Disclosure of Invention

Objects of the invention

The purpose of the invention is: the multi-channel continuous zooming camera device is used as a main sensor component of the airborne multi-spectral reconnaissance equipment, can distinguish and identify the camouflage target from the adaptive background of the camouflage target within a working distance, and is used for executing real-time reconnaissance and battlefield monitoring tasks on the battle target of an enemy.

(II) technical scheme

In order to solve the above technical problem, the present invention provides a multi-channel continuous zoom camera device suitable for an airborne multi-spectral reconnaissance apparatus, comprising: the optical bench 5, and the continuous zoom lens 1, the light splitting component 2, the optical filter component 3 and the detector component 4 which are fixed on the optical bench 5; the front ends of the four channels share the continuous zoom lens 1, the whole wave band is divided into four channels by the light splitting component 2 at the back, the optical filter component 3 comprises four groups of optical filter modules which respectively filter the light of the four channels, and each group of optical filter module comprises an optical filter disc and a plurality of optical filters arranged on the optical filter disc; the detector assembly 4 comprises four detectors with different wave bands and is used for detecting light of four channels; incident light is incident from the continuous zoom lens 1, is divided into four wave bands by the light splitting component 2, and is imaged on four detectors respectively through a relay lens group in the light splitting component 2, a light filtering module is arranged in front of each detector, and light filters with different wavelengths are switched by rotating a light filtering disc in the using process, so that the acquisition of four-channel multispectral continuous view field scenery is realized.

The zoom lens system comprises a continuous zoom lens 1 and a zoom lens system, wherein the continuous zoom lens 1 comprises a front fixed group 1-1, a zoom lens group 1-2, a compensation lens group 1-3, a rear fixed group 1-4, a motor assembly 1-5, a curve sleeve 1-6, a main lens cone 1-7 and a cylindrical guide rail 1-10; the front fixing group 1-1 and the rear fixing group 1-4 are respectively arranged at the front end and the rear end of the main lens cone 1-7; three cylindrical guide rails 1-10 are uniformly arranged in the main lens barrel 1-7 at intervals and are marked as a guide rail I, a guide rail II and a guide rail III, the zoom lens group 1-2 penetrates through the guide rail I and the guide rail II, and the compensation lens group 1-3 penetrates through the guide rail I and the guide rail III; the main lens cone 1-7 is externally sleeved with a curve sleeve 1-6, a zoom lens group curve groove and a compensating lens group curve groove are arranged on the curve sleeve 1-6 along the length direction, a first bulge is arranged on the periphery of the zoom lens group 1-2 and is embedded into the zoom lens group curve groove, a second bulge is arranged on the periphery of the compensating lens group 1-3 and is embedded into the compensating lens group curve groove; the motor component 1-5 is arranged on the front end side face of the main lens cone 1-7, the motor component 1-5 drives the curve sleeve 1-6 to rotate through the gear transmission component, and when the curve sleeve 1-6 rotates, the variable-power lens group 1-2 and the compensation lens group 1-3 are driven to slide, rub and move back and forth along the cylindrical guide rail 1-10, namely, the rotary motion of the curve sleeve 1-6 is converted into the parallel movement of the variable-power lens group 1-2 and the compensation lens group 1-3 along the optical axis direction.

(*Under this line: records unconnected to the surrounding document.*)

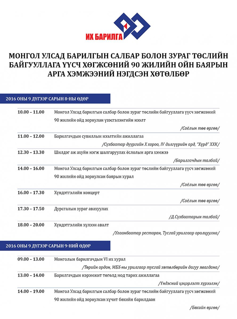 Монгол Улсад барилгын салбар болон зураг төслийн байгууллага үүсч хөгжсөний 90 жилийн ойн баярын арга хэмжээний нэгдсэн хөтөлбөр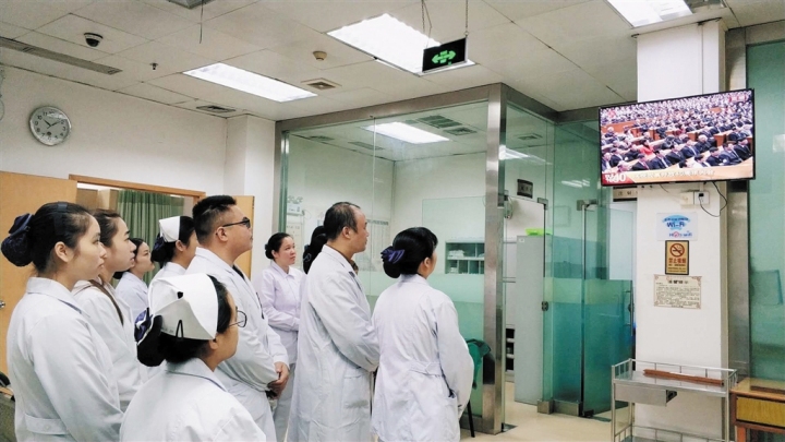 市卫计系统组织干部职工分别在所在单位集中收看庆祝大会直播。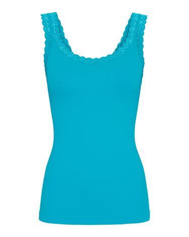 Dit is écht zo'n hemdje waar je niet genoeg van kunt krijgen en hebben! De ronde hals is prachtig afgezet met elastisch kant en het kant loopt door op de ronde rug. De hemdjes van Tim & Simonsen zijn ontworpen door de vriendinnen Tim en (jawel) Simonsen en ze worden geproduceerd in het mooie Italië. Helemaal rondgebreid, dus geen zijnaden én geen kriebelende labeltjes! De top Frida heeft ribbeltjes en is gemaakt van een microfiber stof (polyamide) met elastaan. Dus lekker stretchy en super comfortabel! Deze hemdjes zijn heel cool om te combineren met al jouw outfits want er is altijd een kleur die er goed bij past. Er zijn twee maten. S/M en L/XL. Dat is vanaf maat 36 t/m 44. De hemdjes zijn geschikt om het hele jaar door te dragen. Waarschuwing: uiterst verslavend!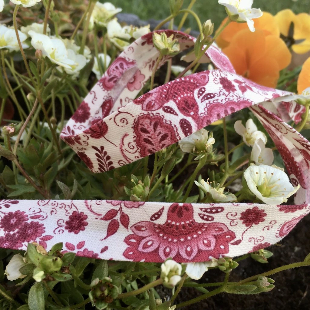 Šikmý proužek s retro vínovým květinovým vzorem - šíře proužku před přeložením 18 mm. Po našití proužku je jeho šíře 9 mm.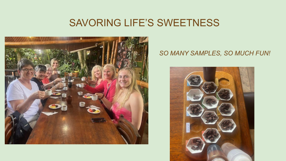 Your day might include a walk along forest trails, time by a waterfall, journaling in a quiet corner, or a visit to a nearby coffee farm or chocolate factory. Perhaps today you will glide over the canopy on a zip line, enjoy tropical bird watching, or visit a hummingbird sanctuary where color and movement feel almost unreal.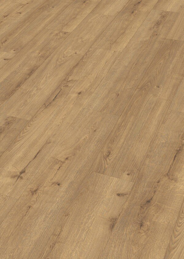 El suelo laminado MeisterDesign. laminate LD 250 – Roble champán ofrece una estética elegante y luminosa, con un tono marrón equilibrado y matices suaves que aportan calidez sin recargar el espacio. Su diseño imita con gran realismo la madera de roble, convirtiéndolo en una opción muy versátil para interiores modernos, contemporáneos o clásicos refinados.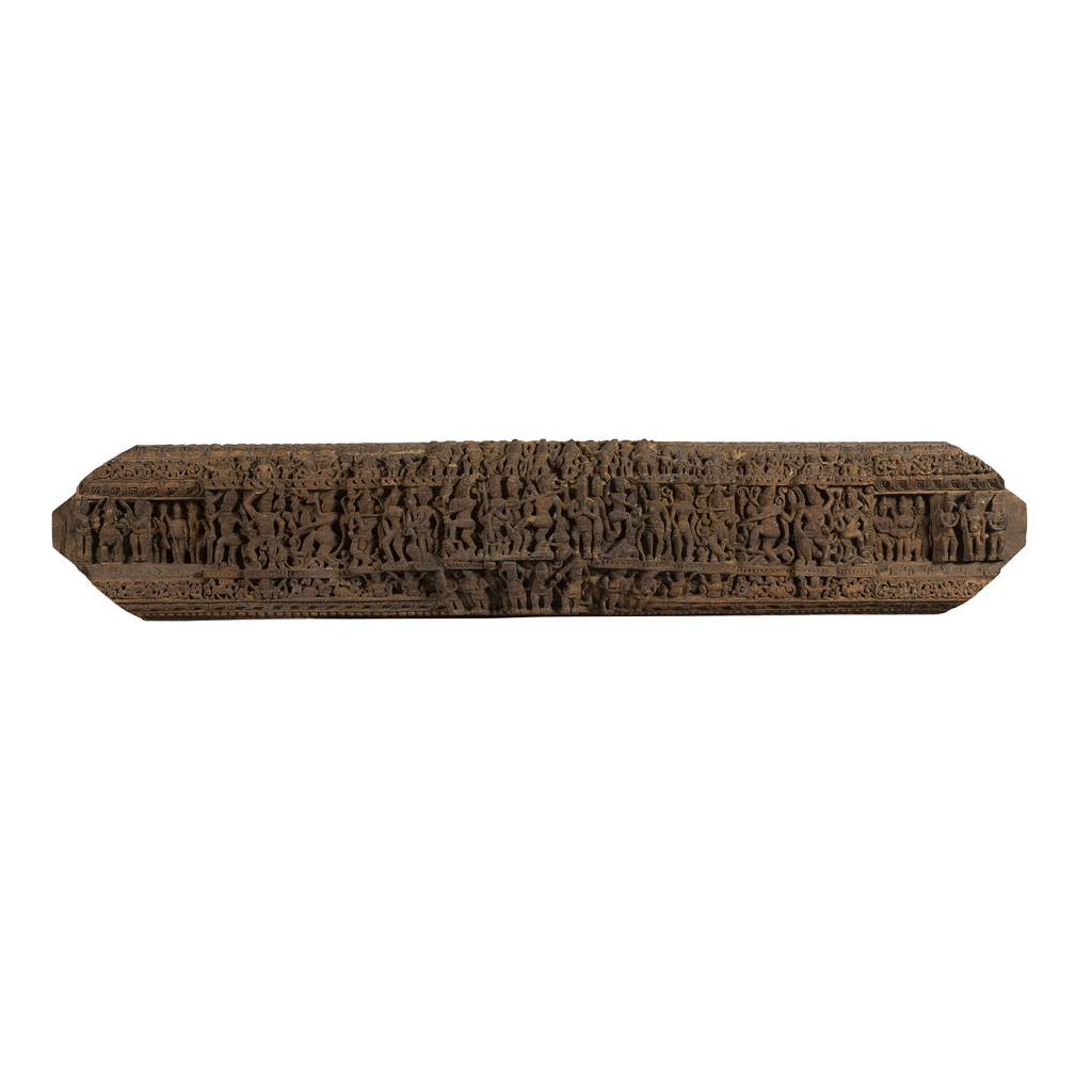 carved in deep relief depicting Shiva freeing Markandeya from the god of death, Yama, the remaining fields filled with a host of mythological figures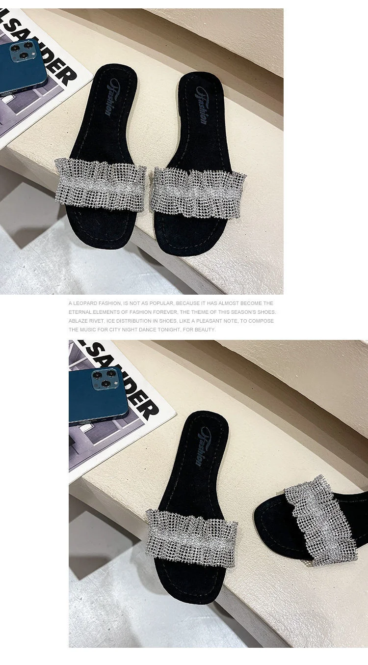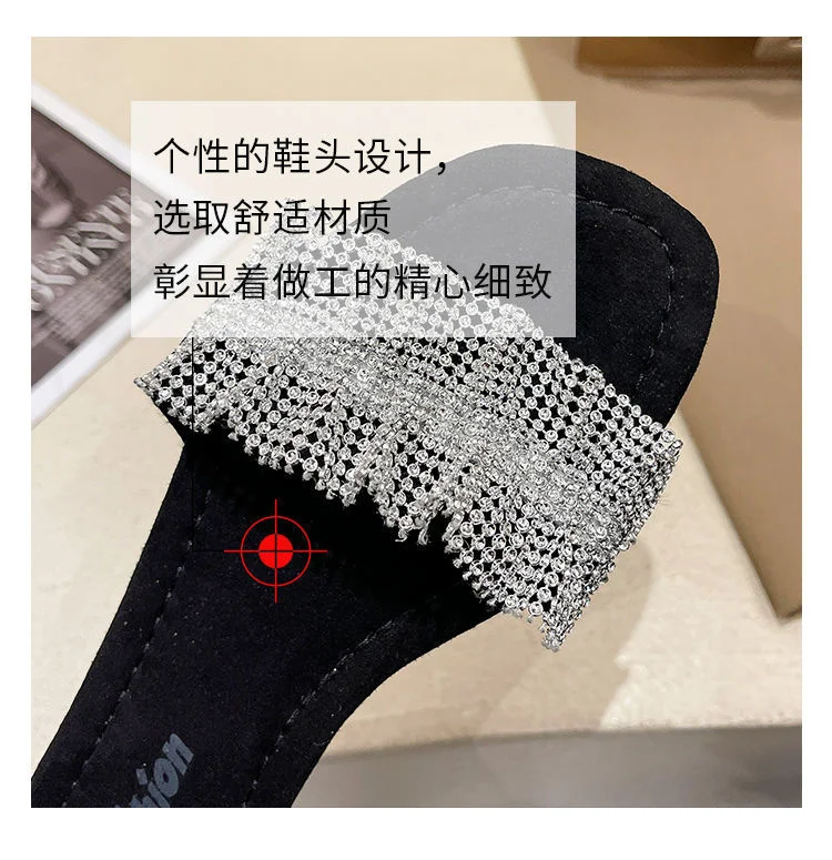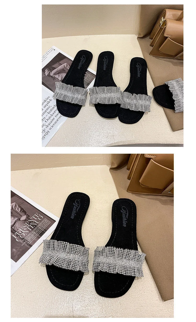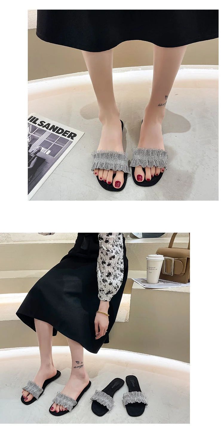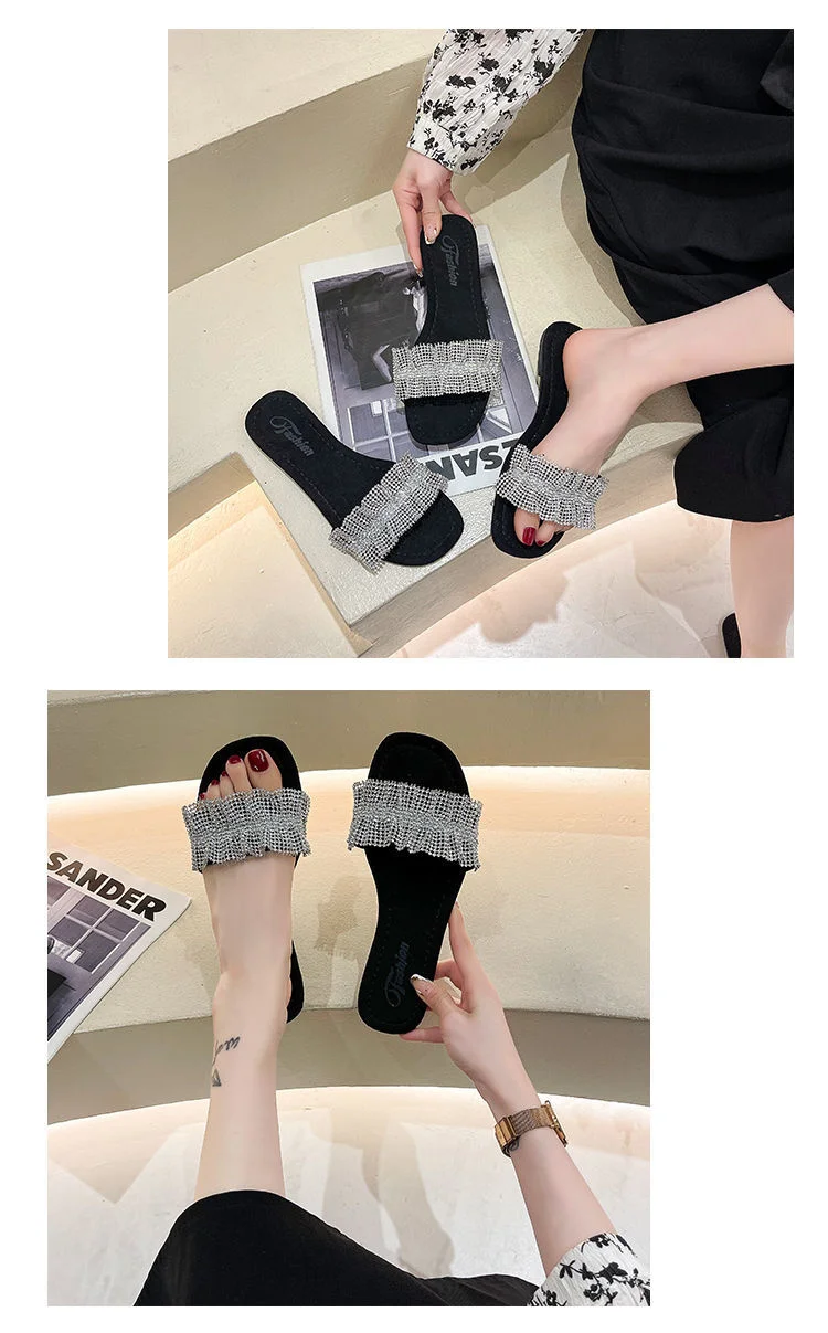 Новинка 2021 года; Сезон лето; Красные блестящие шлепанцы со стразами; Женские удобные сандалии на плоской подошве; Сандалии Феи; Универсальная обувь

Wherein the zoom lens system 1 further comprises: the zoom lens comprises supports 1-8, main lens barrels 1-7 are mounted on the supports 1-8, and the continuous zoom lens 1 is mounted on an optical bench 3 through the supports 1-8.

And steel balls 1-11 are arranged between the curved sleeve 1-6 and the main lens cone 1-7, so that the sliding friction between the curved sleeve 1-6 and the main lens cone 1-7 is changed into rolling friction.

When the front fixing group 1-1 is installed on the main lens barrel 1-7, the positioning stud 1-9 is used for circumferential positioning.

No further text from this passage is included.